Inol­tran­dosi nella let­tura appare ben pre­sto chiaro che siamo lon­tani dai tempi in cui Levi-Strauss, con i suoi Tri­sti tro­pici, dava il via allo strut­tu­ra­li­smo. Anzi, pro­prio il fal­li­mento, in campo antro­po­lo­gico, dell’ipotesi strut­tu­ra­li­sta ha por­tato pro­ba­bil­mente alla situa­zione attuale. Una situa­zione in cui, in pra­tica, gli antro­po­logi hanno rinun­ciato a costruire grandi teo­rie, limi­tan­dosi a esporre i risul­tati delle pro­prie ricer­che sul campo. Que­sto, secondo Remotti, ha por­tato a una sorta di pol­ve­riz­za­zione dell’antropologia, che si pre­sena da un lato sem­pre più fram­men­tata, senza col­lanti teo­rici che ten­gano insieme i dati e i risul­tati dei vari lavori etno­gra­fici, dall’altro, con­se­guen­te­mente, con sem­pre minor peso sia a livello acca­de­mico – ren­den­dola in qual­che modo «campo di con­qui­sta» da parte di altre disci­pline con­ti­gue – sia dal punto di vista del sapere in gene­rale, dove appare quasi «ancella» rispetto ad altri settori.
Le solu­zioni pro­po­ste da Remotti per ribal­tare la situa­zione ver­tono, innanzi tutto, su di un pre­sup­po­sto estra­po­lato dalle Con­si­de­ra­zioni inat­tuali di Nie­tzsche. Occorre, appunto, met­tere in campo una vera e pro­pria antro­po­lo­gia inat­tuale.
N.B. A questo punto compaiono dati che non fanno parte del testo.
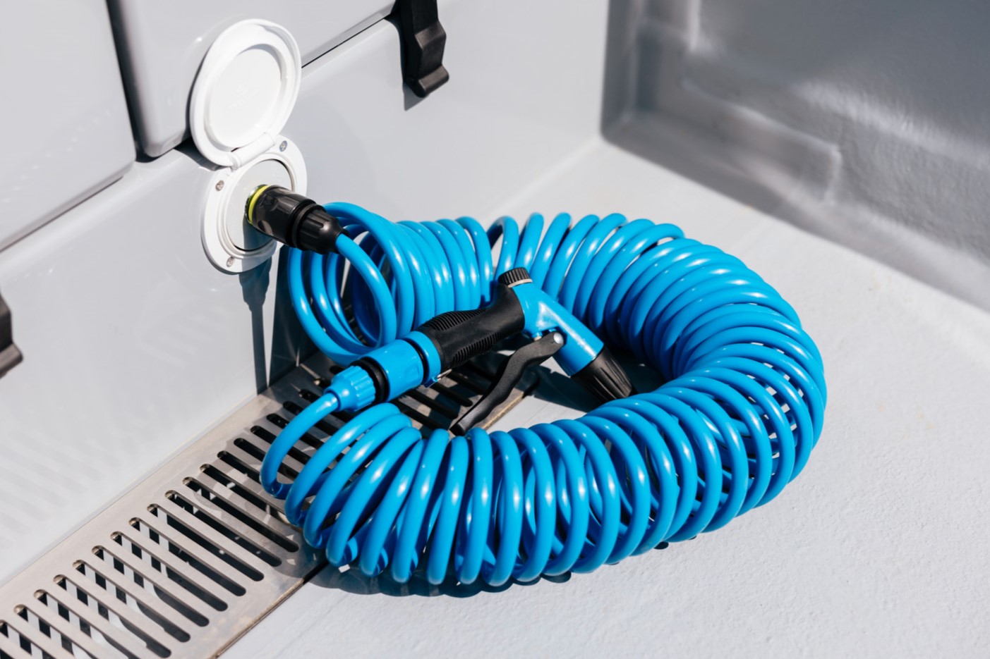 - Hochbelastbare Handläufe und praktischer Zugang an beiden Seiten der Kajüte.
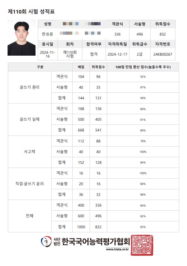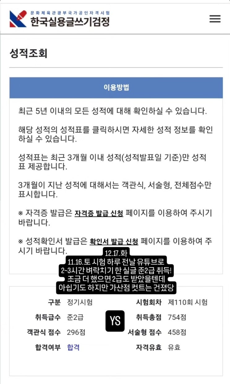 12월 17일 한국실용글쓰기 제110회 시험 실글 준2급 합격 자격증 취득 하루전날 벼락치기, 단기합격 성공 ...
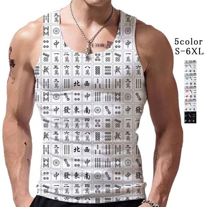 Tシャツ タンクトップ メンズ Tシャツ トランプ柄 麻雀柄 プリント ノースリープ トップス 袖なし tシャツ 大きいサイズ カジュアル 夏新作 送料無料
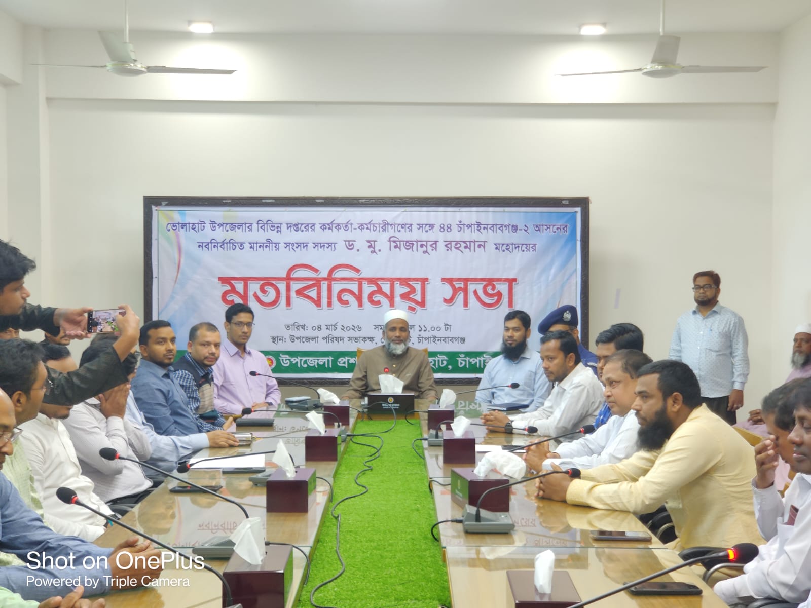 ছবিক্যাপশন: ভোলাহাট উপজেলা কর্মকর্তাদের সঙ্গে মতবিনিময় সভা করেন চাঁপাইনবাবগঞ্জ-২ আসনের নবনির্বাচিত সংসদ সদস্য ড. মু. মিজানুর রহমান।
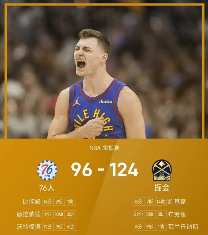 北京技术3月18日,NBA成例赛掘金主场对阵76东谈主,掘金在约基奇全面进展引颈下,用团队攻势压制残阵76东谈主迟缓扩大30+上风提前锁定胜局,最终掘金124-96赛季双杀76东谈主,掘金反超丛林狼升西部第五,76东谈主限制2连胜。
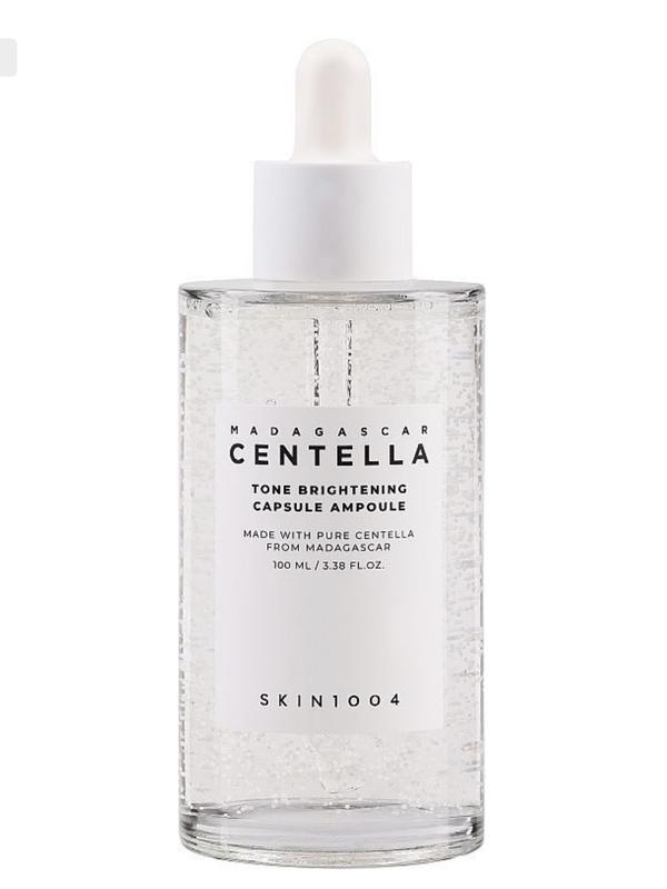 Сироватка з центеллою та ніацинамідом. Купувала напряму із Кореї, 100% оригінал. Не підійшла через індивідуальну непереносимість ніацинаміду. Користувалася 1-2 рази, на фото видно що баночка повна. Шкіра до піпетки не торкалася. 100 мл, 749 грн. SKIN1004 - Madagascar Centella Tone Brightening Capsule Ampoule - сироватка для обличчя на основі екстракту центелли азіатської, що заспокоює шкіру і знімає подразнення. Засіб ефективно освітлює пігментні плями завдяки вмісту ніацинаміду і транексамової кислоти. Пробіотик додатково піклується про зміцнення мікробіому та підвищує стійкість шкіри до впливу зовнішніх факторів, тоді як аргінін зволожує епідерміс. Продукт рекомендований для сухої, тьмяної або чутливої шкіри. Дія засобу: заспокоює подразнення, регенерує, освітлює пігментацію, зміцнює мікробіом, зволожує.
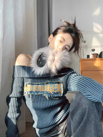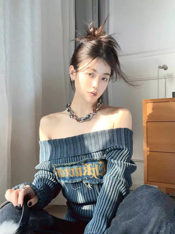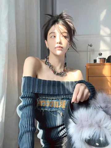 XYW 秋新作 オフショルダーネック ニット セーター 純欲風 ギャル 着やせ
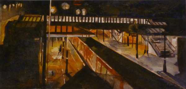 "The Night Traveller, Bingley" Watercolour 42 x 63 cm. (framed) Original -
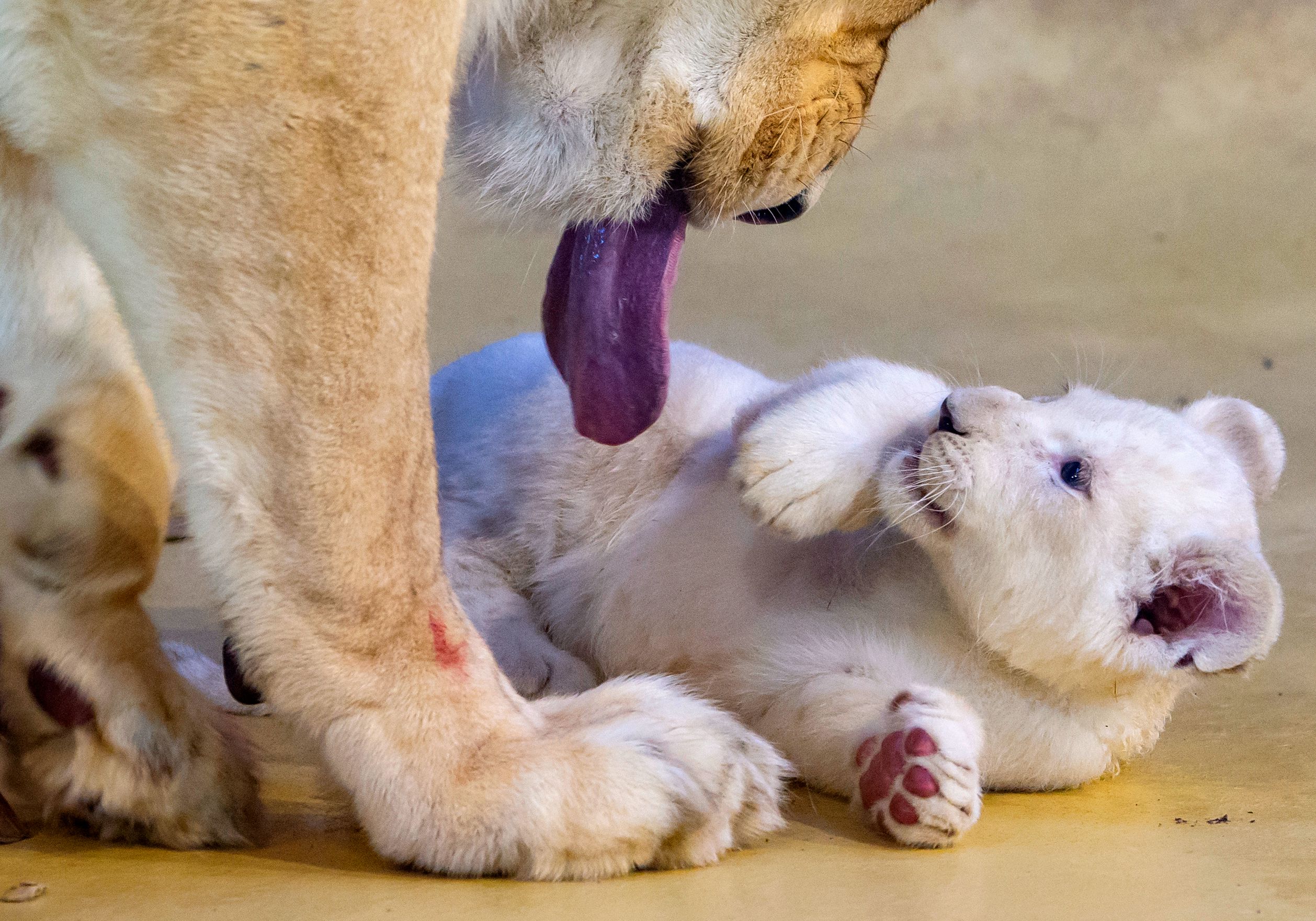 当地时间2020年1月15日,德国马德堡,当地动物园内,三只罕见的白色幼狮亮相,可爱模样惹人怜。这些狮子宝宝出生于去年11月11日。
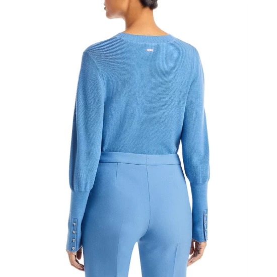 - Extended rib-knit cuffs with button closures
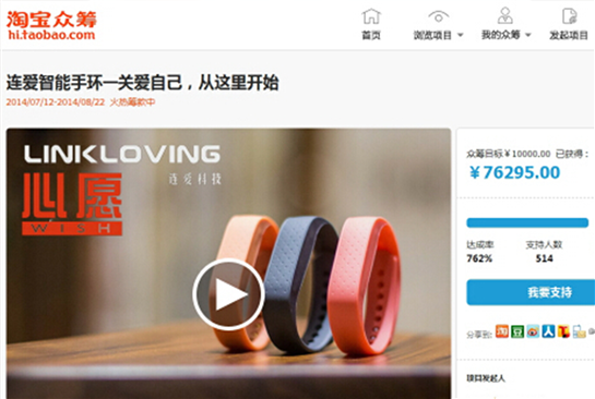 【欧冠(中国)】木马设计连爱智能手环淘宝众筹上线两天,销售额突破70000元!
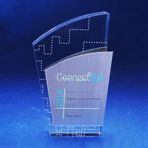 This contemporary acrylic trophy showcases a sleek acrylic body enhanced by a double Metalex facia, creating a sophisticated layered effect. The digital colour print finish delivers vibrant, precise detailing, making it an ideal corporate award trophy for outstanding achievement. Crafted for clarity and durability, its modern design offers a professional platform for recognition in any corporate setting.
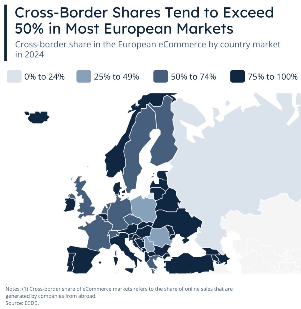 Germany’s case is particularly illustrative: despite being home to some of Europe’s most prominent e-commerce firms, its cross-border share still approaches 60%, driven by the omnipresence of global giants like Amazon and the inherent borderlessness of digital commerce.
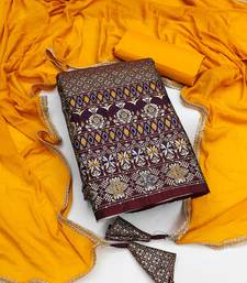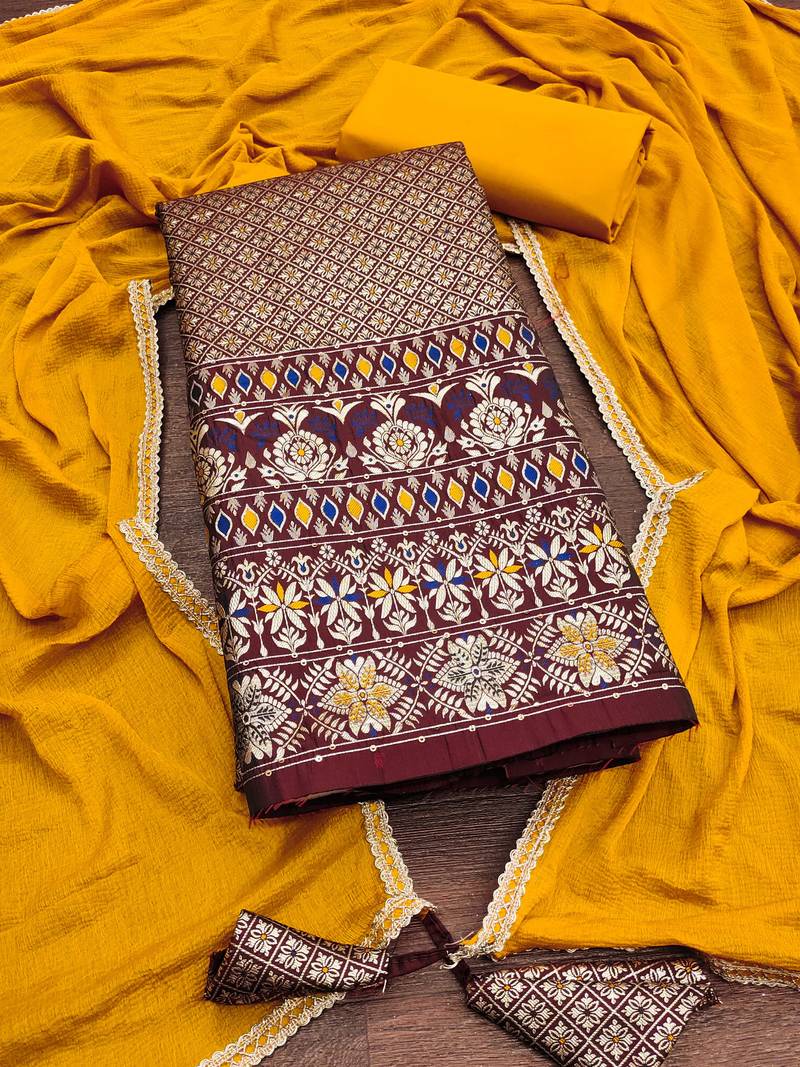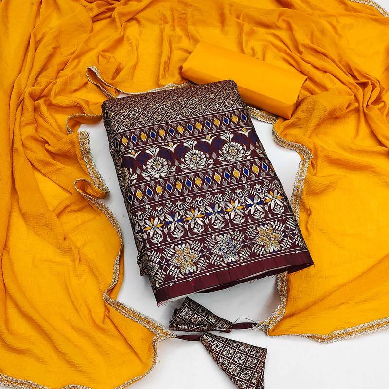 | Product Description | Fancy Heavy Zari Weaving Work With Banarasi Jacquard Multi Mina Woven Work Along With Lace Work Dupatta Straight Style 2.00 Mtr Unstitched Dress Material Top Of Coffee Brown Colour Banarasi Jacquard Fabric With 2 Mtr Silk Blend As Lining Inner Fabric Also Including 2.10 Mtr Unstiched Bottom Material Of Mustard Colour Cotton Blend Fabric With 2.10 Mtr Dupatta Of Mustard Colour Nazneen Fabric By Shadow & Saining Brand |

Citando il filo­sofo tede­sco, Fran­ce­sco Remotti defi­ni­sce tale agget­tivo come «l’atteggiamento di colui che si muove in modo inat­tuale – ossia con­tro il tempo, e in tal modo sul tempo e, spe­ria­molo, a favore di un tempo ven­turo». In sostanza, si tratta «di fre­quen­tare epo­che e cul­ture per meglio met­tere a fuoco le pecu­lia­rità del nostro tempo». Per­ché, quanto più gli antro­po­logi saranno in grado di accu­mu­lare «un sapere inat­tuale, tanto più esso potrà svi­lup­pare una cri­tica radi­cale e auten­ti­ca­mente antro­po­lo­gica della con­tem­po­ra­neità». Da que­sto discende natu­ral­mente da una parte il rifiuto per una ricerca antro­po­lo­gica total­mente appiat­tita sul pre­sente, sull’immediatezza, e il con­se­guente recu­pero e riu­ti­lizzo costrut­tivo di studi, dati, infor­ma­zioni sulle varie civiltà stu­diate anche nel pas­sato. Dall’altra il corag­gio di costruire teo­rie spe­ci­fi­ca­ta­mente antro­po­lo­gi­che a par­tire pro­prio dal sapere accu­mu­lato, senza asso­lu­ta­mente tra­la­sciare il lavoro sul campo.
Tali teo­rie dovreb­bero strut­tu­rarsi come reti di con­nes­sione, che abbiano «la forza non di domi­nare l’intera gamma delle diver­sità cul­tu­rali, ma di inol­trarsi in varie dire­zioni e per­sino di spin­gersi in ter­ri­tori pre­si­diati nor­mal­mente da altre scienze». Sol­tanto così, infatti, «per­se­guendo e attra­ver­sando l’inattualità cul­tu­rale» gli antro­po­logi saranno in grado «di dimo­strare la par­ti­co­lare e inso­sti­tui­bile attua­lità poli­tica» del loro sapere.